From rendering video game graphics to powering nearly every AI model on the planet, NVIDIA's rise is no accident. We break down the three-decade stack of bets — GPUs, CUDA, and now open models — that made one chipmaker the most valuable company in history.
NVIDIA logo on a black signboard outside the company's Santa Clara headquarters building.
July 10, 2026 10:36 PM IST | Written by Rutvik Sappadla | Edited by Vaibhav Jha

Be it its CEO Jensen Huang’s “rockstar-ish” last moment hitchhike with President Trump’s entourage to China, or the soaring stock prices and a market cap hovering near $5 trillion or the fact that the ongoing International Conference on Machine Learning (ICML) 2026 has about 2000 accepted papers citing its GPUs, NVIDIA has clearly dominated the markets, academia and headlines.

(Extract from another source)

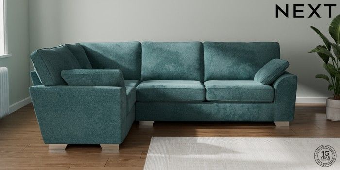 7.2.10 Stamford Large Corner Sofa - Left Hand Chunky Chenille Mid Teal Green Large Square Angle - Chrome Metal | Made Click here to use our website with more accessibility support, for example screen readers

So how did Huang and NVIDIA manage to become so ubiquitous and carve out a commanding position across much of the AI stack?

To really grasp NVIDIA’s sharp ascent, we need to understand how AI models are built and the infrastructure and tools they’re built using.

What are AI Models, Their Training and Infrastructure ?

AI models are essentially machine learning algorithms – be it neural networks or some other type – that have been trained on ginormous datasets, and post training, they are phenomenal at pattern recognition and prediction. They generate text, audio, video, process data and offer actionable insights from them.

Now because the datasets that are used to train AI models are so huge in size, normal CPUs ( Central Processing Units ) having highly capable but a limited number of cores- becomes highly time inefficient and almost impractical for AI models to be trained upon.

The training of AI models has always been very suitable to another piece of technology which Huang and co have been developing and perfecting / improving upon over years at NVIDIA , the Graphics Processing Unit (GPU) .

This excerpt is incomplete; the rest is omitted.